Open up, Citizen Kaine
It’s good to be Timothy M. Kaine these days principally because he’s not Mark Sanford. Virginia’s governor, like his counterpart in South Carolina, gets around, but Kaine, in senses platonic and political. So while South Carolina proceeds with inquiries to determine whether Sanford, the skunk, spent taxpayer cash to pursue l’amour in Argentina, Virginia Republicans have halted nosing into the possible use of state tax money to aid Kaine’s cross-country politicking as Democratic National Committee chairman. C’est la vie.
Or so Kaine tells us.
He has become an especially frequent flyer, gripping coattails in both fists as Barack Obama rockets to the political stratosphere. Where the governor goes, so too does a security detail whose pay, travel and accommodations ordinarily are covered by state taxpayers. While Kaine campaigned, the state’s budget sank waist-deep into the red. Lawmakers felt like kids neglected while dad jet-sets.
But Republicans’ motives are as plain as the guilt on Sanford’s face. Democrats, naturally, point to Jim Gilmore, the former governor and current GOP pariah who served as chairman of the Republican National Committee while in office. A raw skeptic might suggest that Republicans’ attack of sudden curiosity has something to do with this being a gubernatorial election year.
They wanted Kaine to disclose records showing where he traveled and what it cost when he ventured outside the state on his night job as DNC chairman. To this, Kaine provided a predictable answer: You get nothing. Court rulings shield the records as “working papers.” He’s not required to release them. Republicans backed off saying they didn’t want state money to be poured into a legal fight.

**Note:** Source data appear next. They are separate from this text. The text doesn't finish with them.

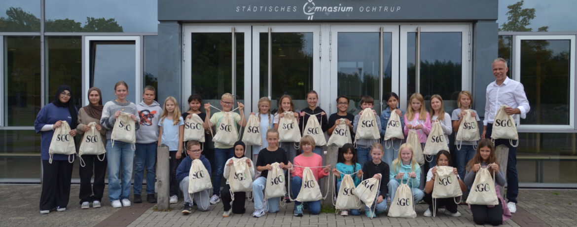 Turnbeutel mit Überraschungen für die neuen Fünftklässler:innen Am 27. August 2025 durften wir unsere neuen Fünftklässler:innen herzlich an unserer Schule willkommen heißen. Als besondere Überraschung erhielten alle Kinder von der Schülervertretung (SV) einen Turnbeutel, gefüllt mit ein paar Kleinigkeiten, wie z.B. einer Trinkflasche. Die Beutel gehören gleichzeitig zu unserem offiziellen Schulmerch und sollen den neuen […]
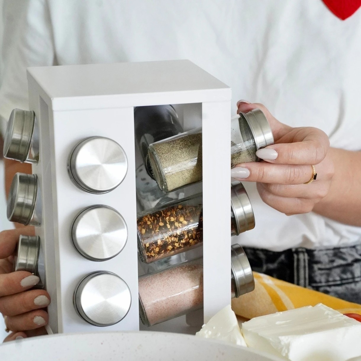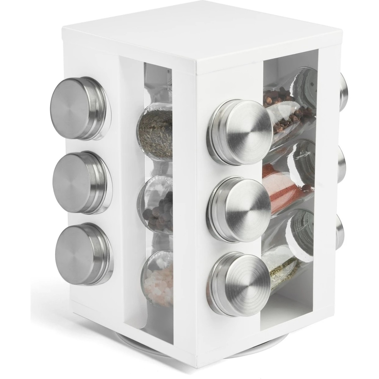 Подставка вмещает до 12 контейнеров для специй, поэтому все они могут быть в одном месте и под рукой. Размеры всего изделия составляют 17x17x22,5 см.
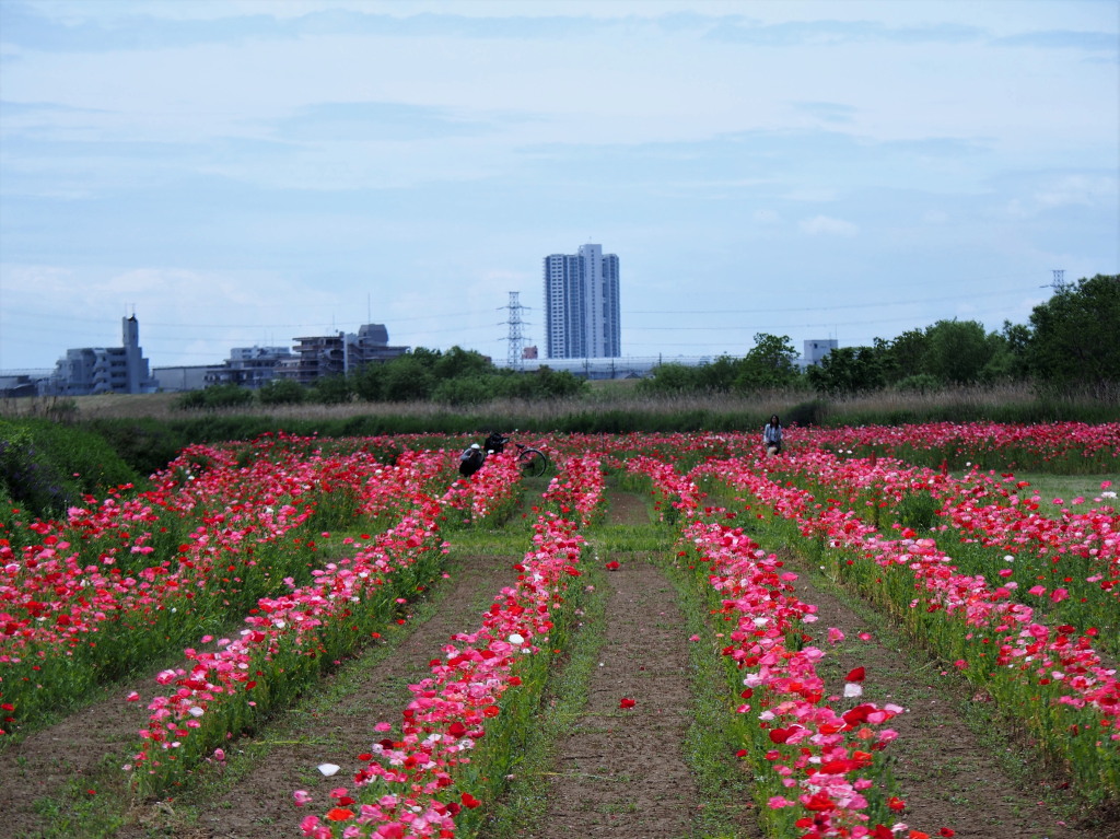 ポピー畑のポピーが満開だ。
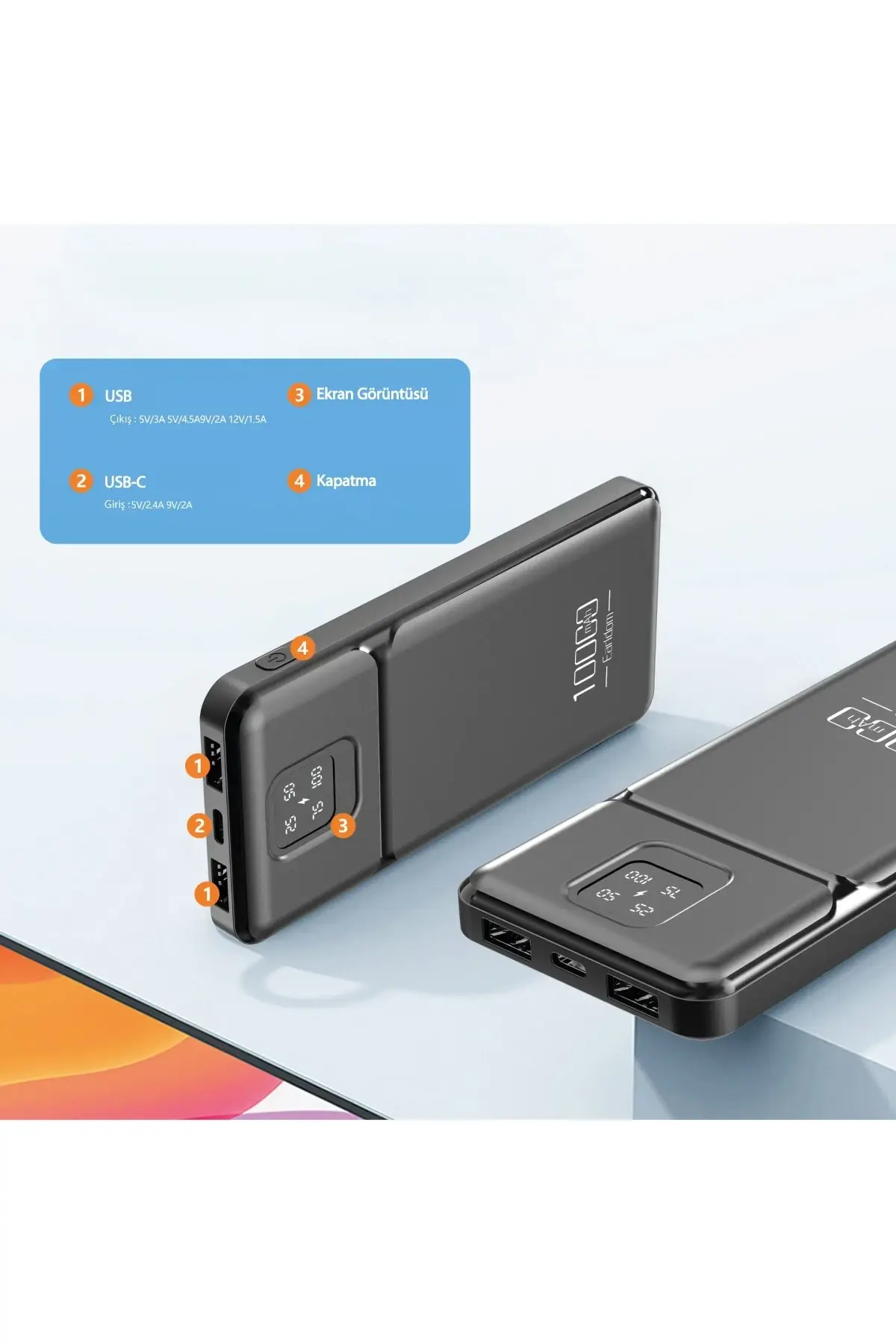 Earldom PB64 10.000 mAh 2 Adet 10W USB Çıkışlı Dijital Göstergeli Powerbank
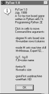 Figure 9-25 shows PyToe's help pop-up dialog, which lists its command-line configuration options. You can specify colors and font sizes for board labels, the player who moves first, the mark of the user ("X" or "O"), the board size (to override the 3-by-3 default), and the move selection strategy for the computer (e.g., "Minimax" performs a move tree search to spot wins and losses, and "Expert1" and "Expert2" use static scoring heuristics functions). Figure 9-25. PyToe help pop-up with options info

Likely, they also sensed the likelihood of legal defeat, and so now the issues goes to the public to either fester and boil or die. Kaine appears to be well within his rights, and there’s nothing to suggest anything untoward in his ventures. But his answers still rest bitter on the palate.
Kaine says that anyone who wants to know where he’s been – the kind of thing lots of people wonder these days with regard to their governors – can simply ask him. Well, gee, didn’t Republicans just do that? Or people can inquire with the DNC or the governor’s political-action committee, Moving Virginia Forward.
Or the governor could include his travels for the DNC on his official schedule. He also could provide expense records even if the law does not mandate as much. If the DNC is footing the travel bill – and he says the committee also will reimburse the state for security costs – why not use transparency to jab a stick into Republicans’ innuendo? Republicans could and should respond in kind by revealing to us the expenses, both to the state and the RNC, of Gilmore’s partisan gallivanting. What’s to hide?
Lines frequently blur between politicians’ acts and duties to parties and their public offices. Sometimes, making partisan connections aids the public good. But if that’s true, then partisan trips as leaders of national committees fall within the public’s right to know, if not legally then in principle. Affording elected officials reasonable privacy should not be construed to mean blocking from view records relating to public business, even if it’s conducted wearing partisan hats.
The wandering governor of South Carolina reminds us not only of the potential for abuses in the absence of scruples and scrutiny but of the fact that elected officials in high office work for the people. Sitting at the highest level of power in one of the 50 states is a public act that continues seamlessly until term’s end. Those who think the burden excessive ought to consider alternatives to public life. Then their travels will be nobody’s business but their own.